Segment Start: RECORD EXCERPTS

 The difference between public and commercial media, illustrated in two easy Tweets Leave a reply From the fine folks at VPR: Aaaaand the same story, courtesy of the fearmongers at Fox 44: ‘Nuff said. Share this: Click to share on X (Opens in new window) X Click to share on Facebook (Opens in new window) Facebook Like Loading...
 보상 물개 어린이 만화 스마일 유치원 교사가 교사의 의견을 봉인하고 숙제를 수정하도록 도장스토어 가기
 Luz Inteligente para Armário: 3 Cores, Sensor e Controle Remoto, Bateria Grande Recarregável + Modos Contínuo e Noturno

Segment End: RECORD EXCERPTS
Segment Start: RECORD EXCERPTS

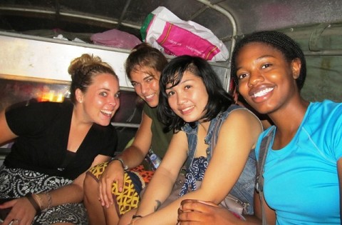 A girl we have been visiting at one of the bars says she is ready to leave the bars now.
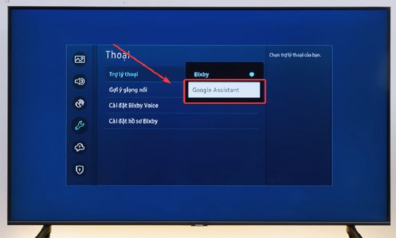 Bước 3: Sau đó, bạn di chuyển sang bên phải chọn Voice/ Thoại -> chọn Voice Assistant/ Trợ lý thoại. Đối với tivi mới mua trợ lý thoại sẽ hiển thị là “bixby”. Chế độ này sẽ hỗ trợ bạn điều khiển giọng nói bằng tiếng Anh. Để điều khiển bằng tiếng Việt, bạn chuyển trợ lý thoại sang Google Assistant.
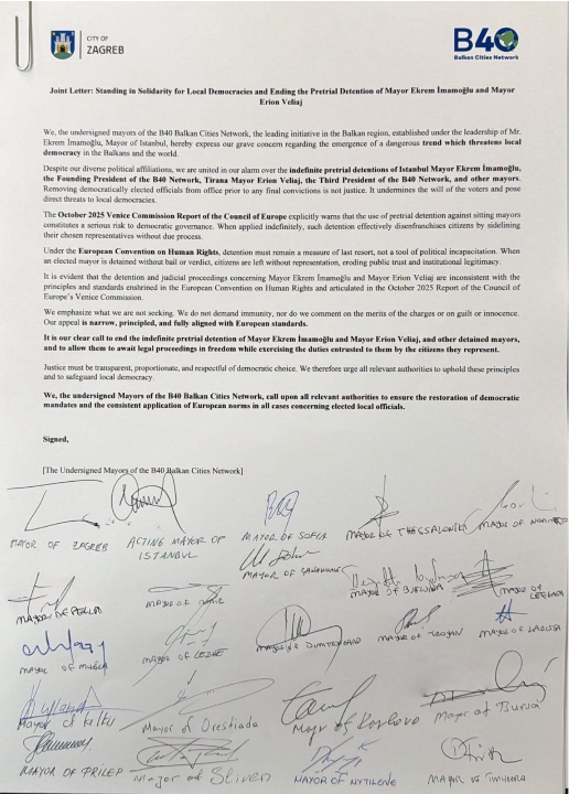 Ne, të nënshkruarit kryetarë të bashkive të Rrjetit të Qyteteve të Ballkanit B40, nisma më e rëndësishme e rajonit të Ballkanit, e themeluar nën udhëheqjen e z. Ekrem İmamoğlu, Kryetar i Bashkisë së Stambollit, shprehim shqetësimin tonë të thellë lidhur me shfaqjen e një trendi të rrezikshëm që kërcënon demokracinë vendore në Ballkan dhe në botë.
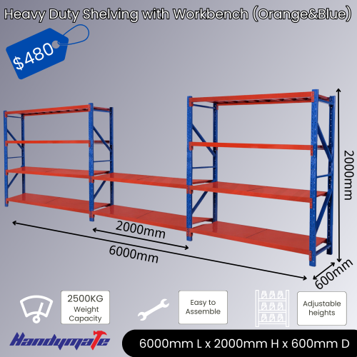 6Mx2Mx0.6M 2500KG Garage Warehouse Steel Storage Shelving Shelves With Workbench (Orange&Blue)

Segment End: RECORD EXCERPTS

= PROMPT =
Give again exactly, and only, the lines above starting at the one with "보상 물개 어린이 만화" and ending at the one with "Luz Inteligente para".

= TASK OUTPUT =
 보상 물개 어린이 만화 스마일 유치원 교사가 교사의 의견을 봉인하고 숙제를 수정하도록 도장스토어 가기
 Luz Inteligente para Armário: 3 Cores, Sensor e Controle Remoto, Bateria Grande Recarregável + Modos Contínuo e Noturno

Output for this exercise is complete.